UN not joined up on biofuels

by | May 9, 2007


 A gaggle of UN agencies have just published a report on biofuels, says the Guardian this morning (see also previous Global Dashboard posts on biofuels). Although the report presents a mixed picture of upsides and downsides, it’s clear about the food security risks:

Expanded production [of biofuel crops] adds uncertainty. It could also increase the volatility of food prices with negative food security implications… The benefits to farmers are not assured, and may come with increased costs. [Growing biofuel crops] can be especially harmful to farmers who do not own their own land, and to the rural and urban poor who are net buyers of food, as they could suffer from even greater pressure on already limited financial resources. At their worst, biofuel programmes can also result in a concentration of ownership that could drive the world’s poorest farmers off their land and into deeper poverty.

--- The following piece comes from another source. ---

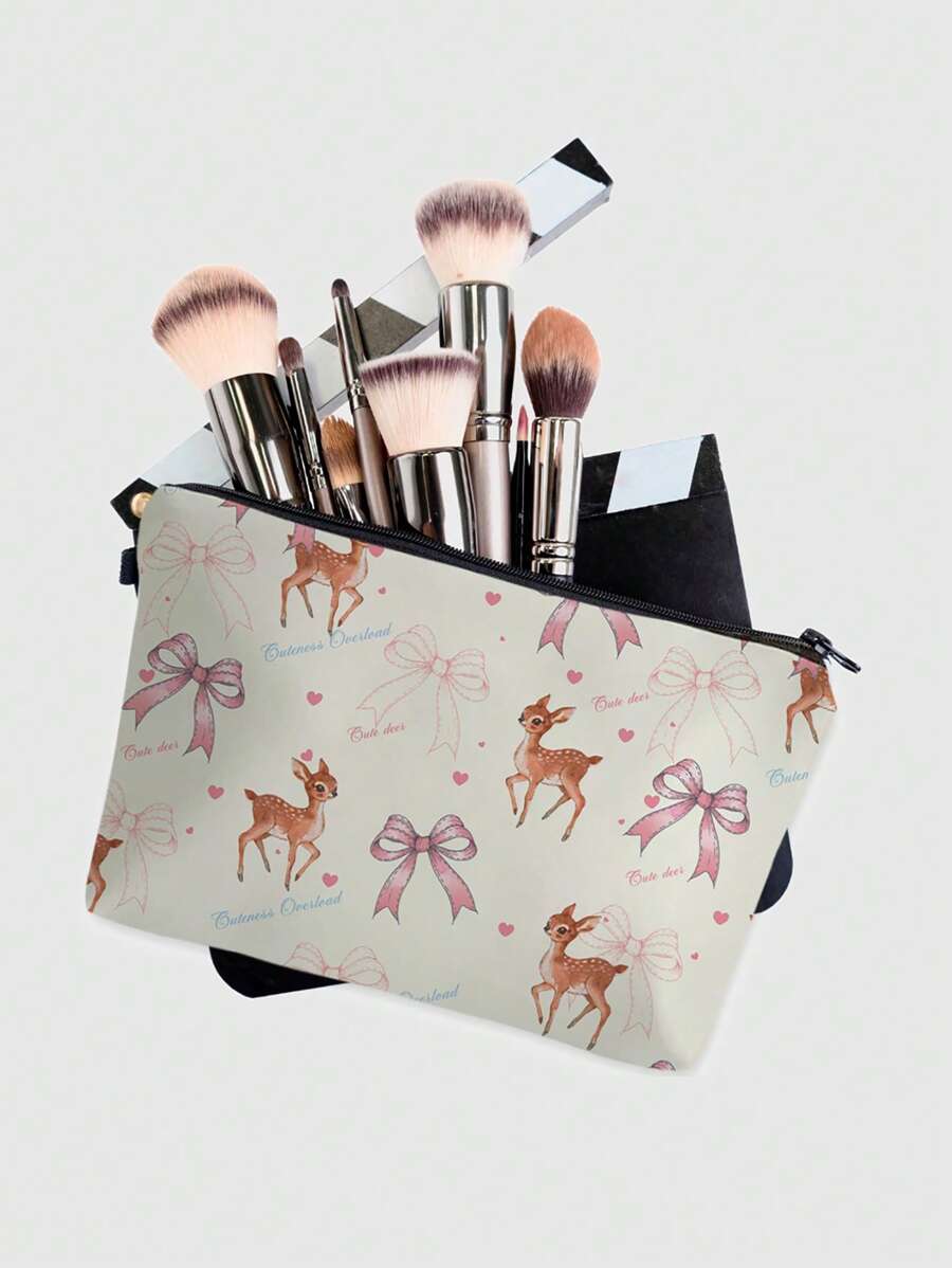 Kawaii Style No. 1040292 Valentine's Day Heart, Bow, Deer Polyester Portable Zipper Cosmetic Bag, Women Makeup Bag Travel Organizer Toiletry Pouch, Holiday Gift

Absolutely. Slightly confusing, then, to see UNEP head Achim Steiner saying the opposite, according to the FT last month:

The UN’s top environment official has backed a European Union plan to require the blending of plant-based biofuels into road fuels despite fears by environmentalists that this could lead to increased deforestation in south-east Asia and Brazil. Achim Steiner, head of the UN Environment Prog­ramme, said on Thursday that biofuels were needed to reduce global dependence on fossil fuels.

What’s especially striking about the coverage of Steiner’s April remarks is that all of his responses to criticism of biofuels focus on the one specific charge that environmental NGOs have decided to lead on: that biofuels are driving deforestation through palm oil plantations and so on.

What he doesn’t address or attempt to rebut is the more significant risk of biofuels undermining food security (remember those riots in Mexico?).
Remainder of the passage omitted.